The hall was hot and stuffy. It felt like she was already miles away from the apartment. She padded quickly down the stairs. When she reached the next floor, she saw that the people in the apartment directly under Robin’s had left their door wide open. She looked in and saw a group of men sitting in shirtsleeves around the kitchen table, playing cards. They had big arms and broad, jovial faces. A woman with her back to the door was moving vaguely at the sink. The men laughed and drank as they played. “Excuse me,” she said.
A man got up and came to the door. His face was pockmarked, with little whiskers in the pocks. “Yes?” He was foreign, she couldn’t tell which kind. He wore a red kerchief around his neck, and his nose was big.

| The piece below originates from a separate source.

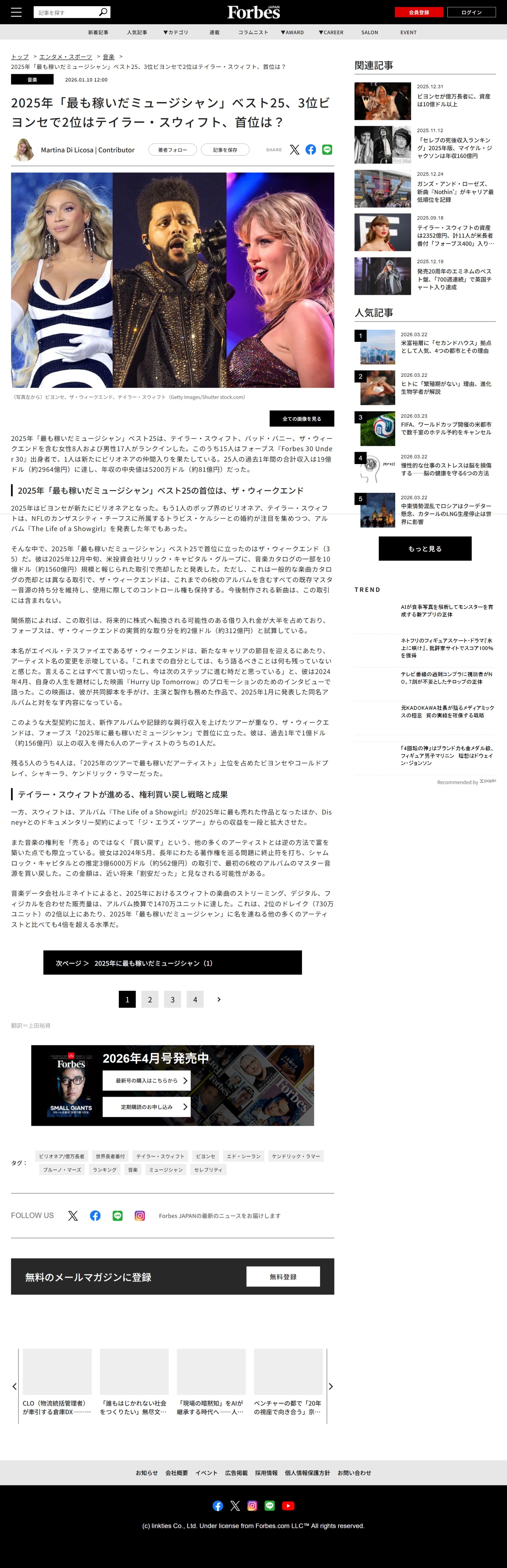 2025年「最も稼いだミュージシャン」ベスト25、3位ビヨンセで2位はテイラー・スウィフト、首位は? | Forbes JAPAN 公式サイト(フォーブス ジャパン)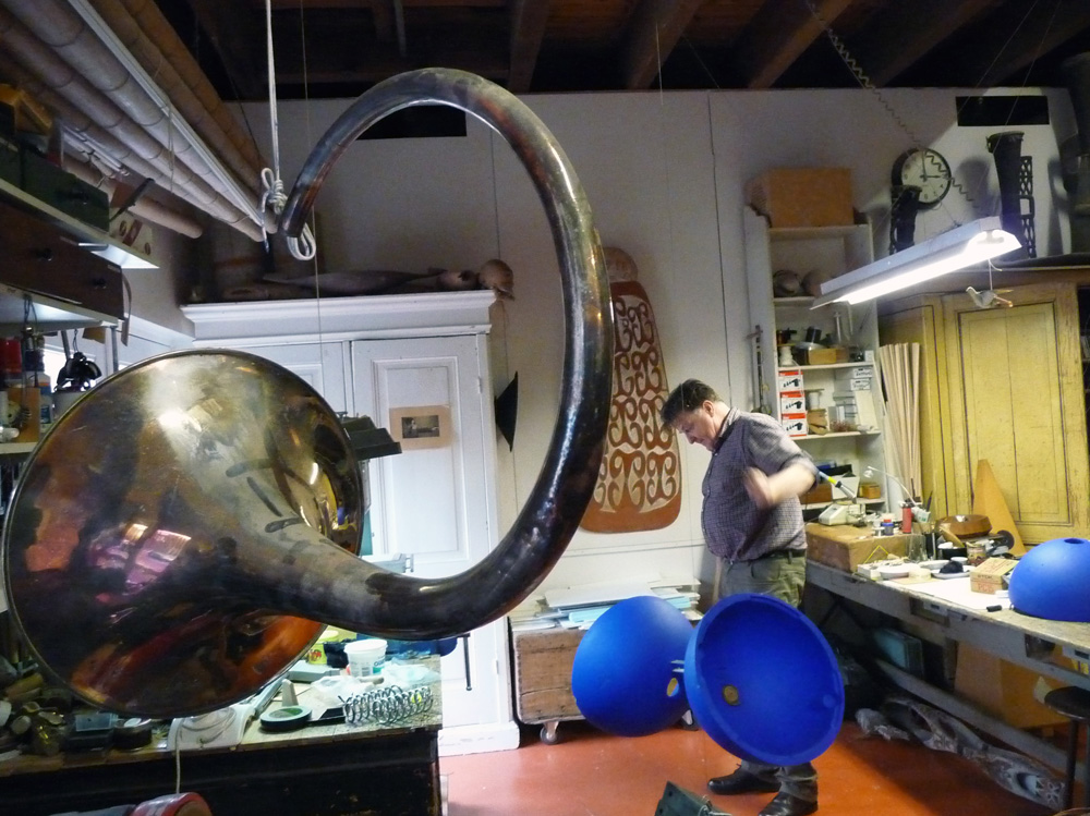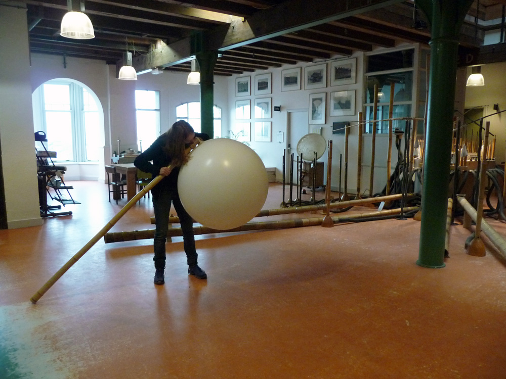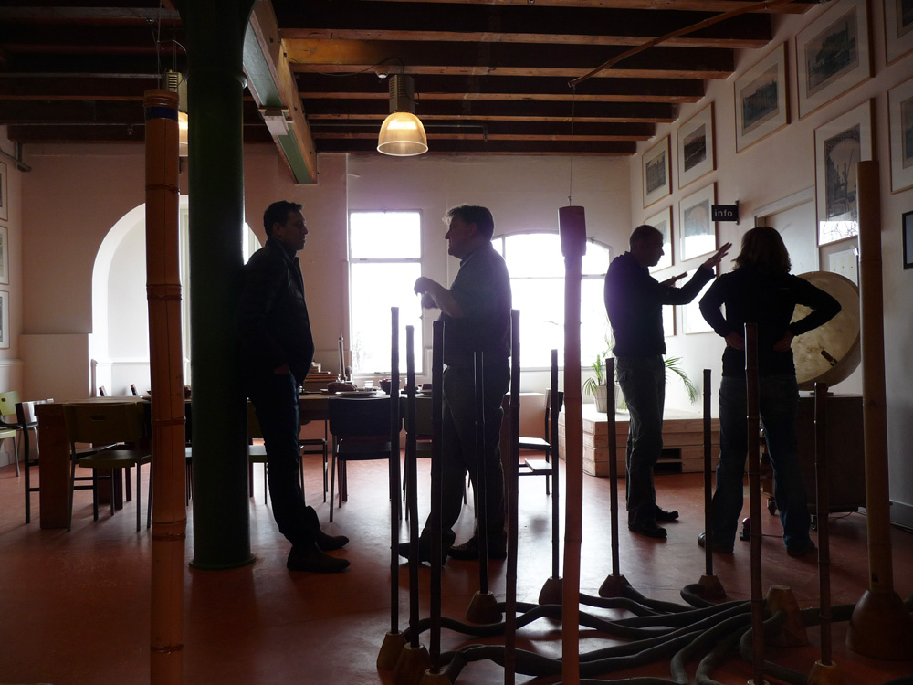 The project team is back from an intense weekend in Amsterdam: we visited Hans‘ atelier, made the first try-outs and drafted the outlines towards a prototype of a stage-size sounding sculpture. Sound has never felt so tangible!

“There’s kids in the apartment right above you. I’ve been taking care of them all day, but now I have to go. I don’t know where their mother is. She said she’d be back, but she’s not, and now I have to go. Could you be sure they’re okay?”
He put his hand on his chin and looked past her as if considering.
The woman glanced past the man at Elise; from her expression, it seemed that Elise made no sense to her.
“One of them’s only a baby.”
“Okay,” said the man. He pointed upstairs and nodded. “I check.”
When she got home, she found Mark sitting in the living room, sewing patches on his jeans. She told him what had happened. “What do you think I should’ve done?” she asked. “Do you think it was okay to leave?”
He shrugged. “What else could you do? She didn’t come back.” He concentrated on his pants, very meticulously working the needle. “She shouldn’t have left you there like that.”
Elise sat on the couch. “Well, but one of them was a baby.”
“You told the neighbors. They’ll be okay.”
“I guess.” She stared at the frayed old carpet. There were tulips on it. She felt grateful to be back in her living room, even though it wasn’t really hers. “The thing is, I don’t know what I’m going to do. I can’t keep panhandling forever. I have to find work somehow.”
“You’ll find something,” said Mark. “It’ll be all right.”
She sat a moment. “I once blew a guy for money,” she said. “In San Francisco. It was a nightmare. He said he’d give me fifty bucks, but he only gave me ten, and then he hit me.”